Он осторожно снял Бетти с груди, надел брюки и отправился помогать Энджи.
Эпилог
Дом в Энсли-Парке опустел. Мебель распродали с аукциона. Стены и пол ободрали. Специальные бригады мойщиков убрали кровь и все следы преступления. Но в голове Абигайль Кампано все оставалось по-прежнему. Иногда, когда она стояла в кухне или поднималась по лестнице своего нового дома, она вспоминала лицо Адама Хамфри, его налившиеся кровью глаза, которые медленно покидала жизнь.
Несмотря на возражения адвокатов, а может, именно благодаря им, Эбби написала родителям юноши письмо. Она рассказала им, что говорила об их сыне Эмма, каким он был хорошим, добрым и мягким. Она попросила у них прощения. Она признала свою вину. Она предложила им все, что у нее есть, и была готова сдержать свое обещание. Абигайль сама когда-то была адвокатом и прекрасно понимала, что делает. Две недели спустя в их почтовом ящике появилась открытка. На ней не было обратного адреса, но на почтовом штемпеле стояло название какого-то маленького городка в Орегоне. На открытке было два коротких предложения:
Спасибо за ваше письмо. Мы молимся о том, чтобы у нас всех хватило сил продолжать жить.
Эти строки поразили Эбби своей банальностью. Нечто подобное мог бы сказать Джей Гэтсби[17]. С другой стороны, они напоминали заключительные реплики какого-нибудь старого черно-белого фильма о войне: «Не сдавайся, старина! Борись за свободу!»
Прошло уже два месяца после трагедии, и жизнь продолжалась, но им повсюду чудилась угроза, как будто их в любую секунду могли лишить самого дорогого. А им было что терять! Новый дом на Друид-хиллс был бесподобен. Он был еще просторнее, чем в Энсли-Парке. Тут было восемь спален и девять ванных комнат, а кроме этого, кабинет, спортивный зал, сауна, винный погреб, кинозал, гостиная и прихожая. В гараже разместились две купальни и еще две спальни. Осматривая квартиру над гаражом, Абигайль с кривой усмешкой заметила, что, случись беде снова прийти в их семью, по крайней мере, им с Полом будет где разминуться.
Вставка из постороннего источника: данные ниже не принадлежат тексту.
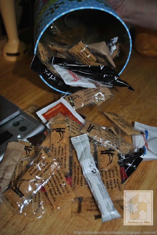 Le toca el turno al azúcar. Tengo que contaros que mi marido, cuando toma café o té fuera de casa, va guardando los azucarillos que suelen poner. Bueno, pues a veces tenemos gran cantidad de ellos, y hoy ha tocado hacer uso de los mismos. Los he aprovechado por igual tanto los de azúcar blanca como morena. Y el resultado me ha encantado.

Это наблюдение его не рассмешило.
Абигайль купила мебель, заказала постельное белье и потратила так много денег в интернет-магазинах, что компании, выпускающие кредитные карты, позвонили ей, чтобы удостовериться, что эти покупки совершает действительно она, а не какие-то мошенники от ее имени. Все остальные, похоже, постепенно возвращались к нормальной жизни. Или к тому, что Абигайль называла «новой нормальной жизнью». Беатрис вернулась в Италию, а Хойт — к своей любовнице. Его жена уютно устроилась в их пуэрториканском доме. Абигайль была уверена, что у ее отца появилась еще одна любовница. В последнее время он очень много говорил о Лондоне.
Даже пресса наконец перешла к другим темам. Журнал «Пипл» и телепродюсеры оставили их в покое первыми, как только убедились в том, что семья Кампано не имеет ни малейшего желания делиться с миром своей историей. Откуда ни возьмись появились неизбежные самозванцы приятели, желавшие рассказать об Эмме, и бывшие друзья Абигайль и Пола. С таблоидами дело обстояло хуже. Репортеры стояли сразу за воротами в конце подъездной дорожки и поднимали крик, как только из дома кто-нибудь выходил. При виде Абигайль они вопили: «Привет, убийца!» Или: «Эй, убийца, как вы себя чувствуете, зная, что убили человека?»